# REQUIRED WORK
Every line of the data below must be output exactly, with images left out.

[Items listed in a dataset]
- Opening Delimiter -

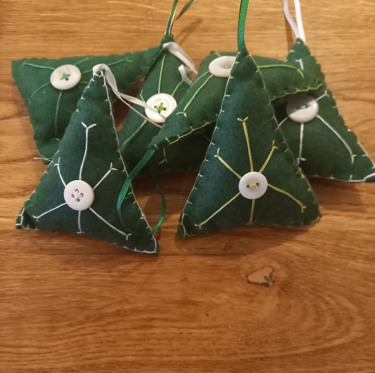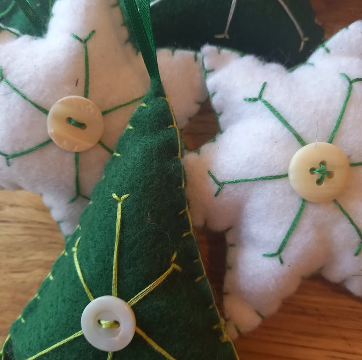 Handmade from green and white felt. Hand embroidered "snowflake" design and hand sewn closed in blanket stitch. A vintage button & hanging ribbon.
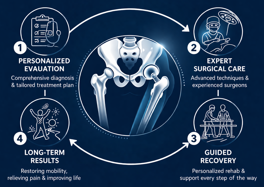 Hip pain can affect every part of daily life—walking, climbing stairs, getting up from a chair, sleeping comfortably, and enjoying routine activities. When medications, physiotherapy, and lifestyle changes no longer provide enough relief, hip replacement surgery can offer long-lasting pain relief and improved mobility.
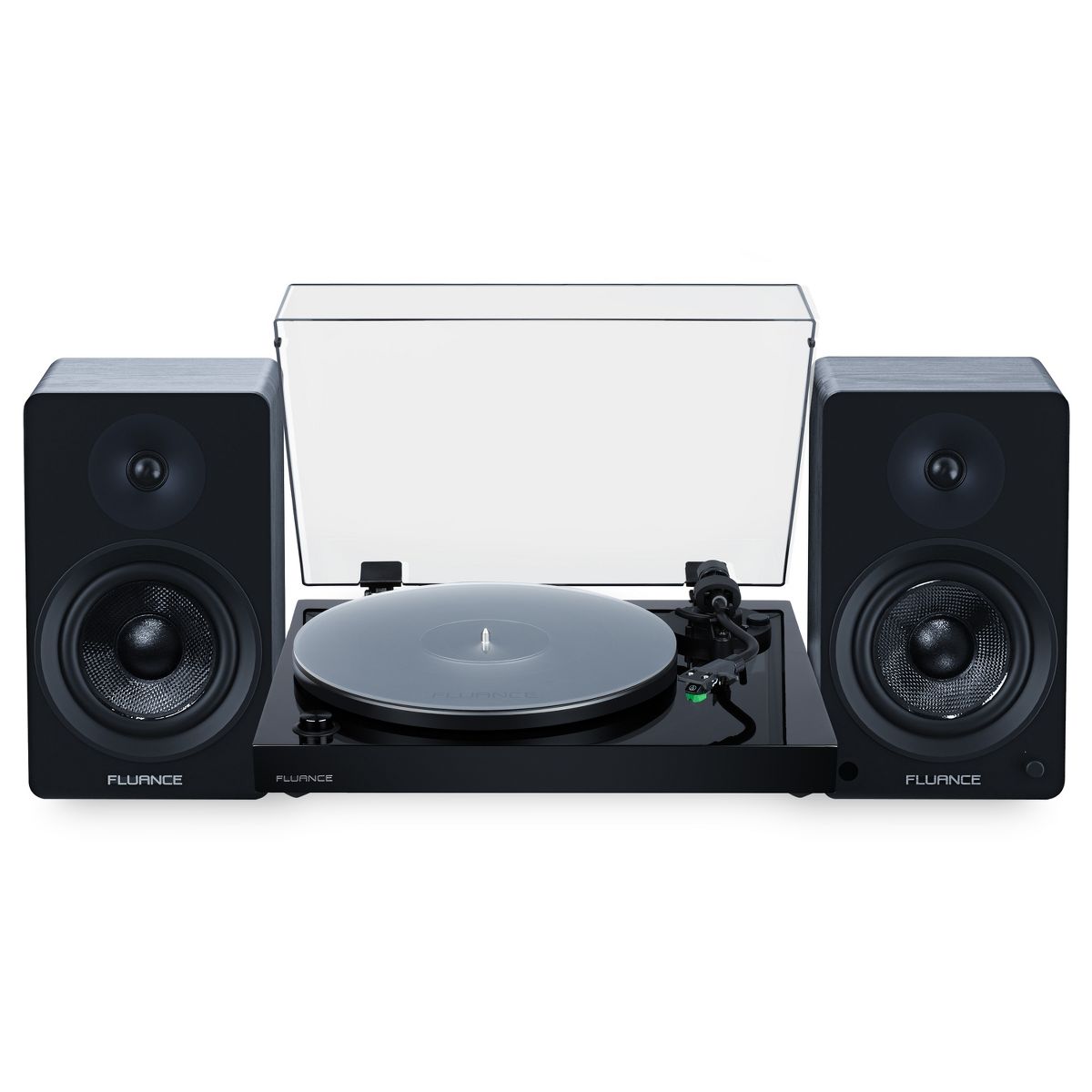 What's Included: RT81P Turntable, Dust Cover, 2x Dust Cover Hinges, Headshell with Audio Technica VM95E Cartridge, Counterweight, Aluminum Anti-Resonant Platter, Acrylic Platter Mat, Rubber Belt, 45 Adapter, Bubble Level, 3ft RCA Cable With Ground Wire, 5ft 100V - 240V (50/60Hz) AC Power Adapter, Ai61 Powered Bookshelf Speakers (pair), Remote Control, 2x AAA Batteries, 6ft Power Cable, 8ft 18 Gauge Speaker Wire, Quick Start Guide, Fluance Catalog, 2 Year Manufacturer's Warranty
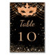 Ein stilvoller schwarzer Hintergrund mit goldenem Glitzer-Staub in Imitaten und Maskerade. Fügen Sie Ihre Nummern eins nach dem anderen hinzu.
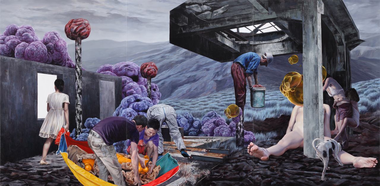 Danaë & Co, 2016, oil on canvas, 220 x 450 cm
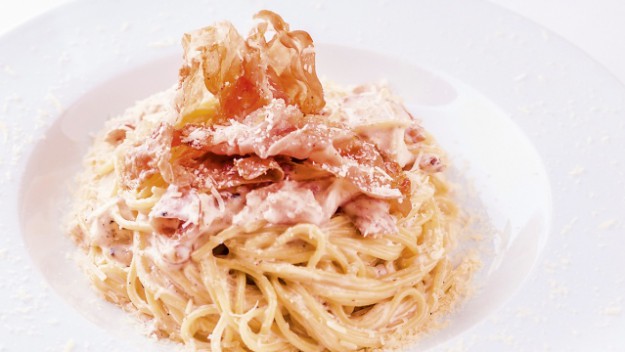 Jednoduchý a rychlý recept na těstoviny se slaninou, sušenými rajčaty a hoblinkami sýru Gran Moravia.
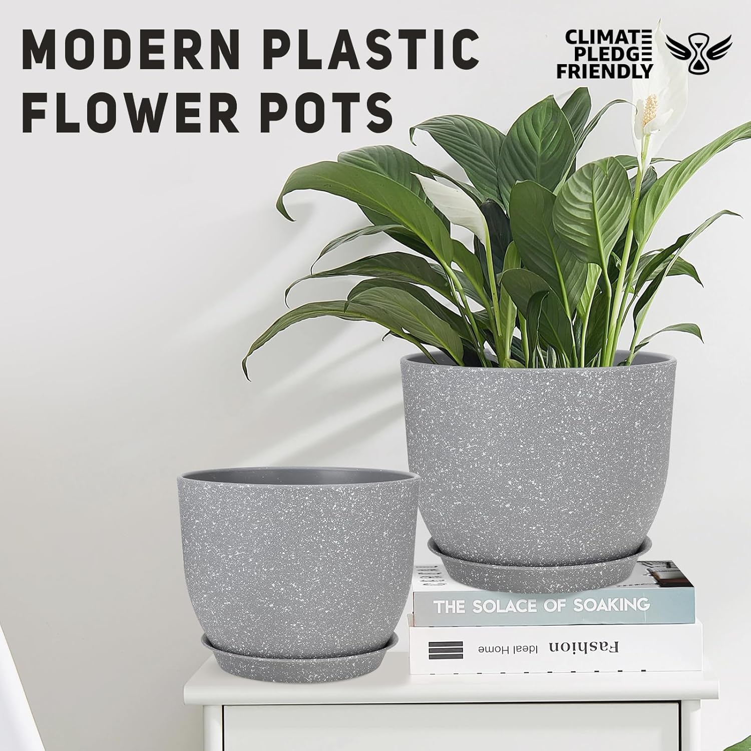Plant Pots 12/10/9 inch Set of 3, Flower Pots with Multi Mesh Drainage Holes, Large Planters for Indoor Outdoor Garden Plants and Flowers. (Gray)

- Closing Delimiter -

# ANSWER TO THE EXERCISE
 Handmade from green and white felt. Hand embroidered "snowflake" design and hand sewn closed in blanket stitch. A vintage button & hanging ribbon.
 Hip pain can affect every part of daily life—walking, climbing stairs, getting up from a chair, sleeping comfortably, and enjoying routine activities. When medications, physiotherapy, and lifestyle changes no longer provide enough relief, hip replacement surgery can offer long-lasting pain relief and improved mobility.
 What's Included: RT81P Turntable, Dust Cover, 2x Dust Cover Hinges, Headshell with Audio Technica VM95E Cartridge, Counterweight, Aluminum Anti-Resonant Platter, Acrylic Platter Mat, Rubber Belt, 45 Adapter, Bubble Level, 3ft RCA Cable With Ground Wire, 5ft 100V - 240V (50/60Hz) AC Power Adapter, Ai61 Powered Bookshelf Speakers (pair), Remote Control, 2x AAA Batteries, 6ft Power Cable, 8ft 18 Gauge Speaker Wire, Quick Start Guide, Fluance Catalog, 2 Year Manufacturer's Warranty
 Ein stilvoller schwarzer Hintergrund mit goldenem Glitzer-Staub in Imitaten und Maskerade. Fügen Sie Ihre Nummern eins nach dem anderen hinzu.
 Danaë & Co, 2016, oil on canvas, 220 x 450 cm
 Jednoduchý a rychlý recept na těstoviny se slaninou, sušenými rajčaty a hoblinkami sýru Gran Moravia.
Plant Pots 12/10/9 inch Set of 3, Flower Pots with Multi Mesh Drainage Holes, Large Planters for Indoor Outdoor Garden Plants and Flowers. (Gray)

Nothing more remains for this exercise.